分类: LINUX
2011-09-17 22:26:21
In Part1, Part2, Part3, and Part4, I reviewed performance issues for a single-thread program executing a long vector sum-reduction — a single-array read-only computational kernel — on a 2-socket system with a pair of AMD Family10h Opteron Revision C2 (”Shanghai”) quad-core processors.
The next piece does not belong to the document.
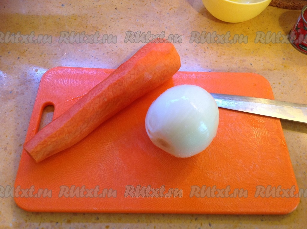 Теперь можно заняться подливкой. Чистим морковь и оставшуюся луковицу.

In today’s post, I will present the results for the same set of 15 implementations run on four additional systems.
Test SystemsAll systems were running TACC’s customized Linux kernel, except for the PhenomII which was running Fedora 13. The same set of binaries, generated by the Intel version 11.1 C compiler were used in all cases.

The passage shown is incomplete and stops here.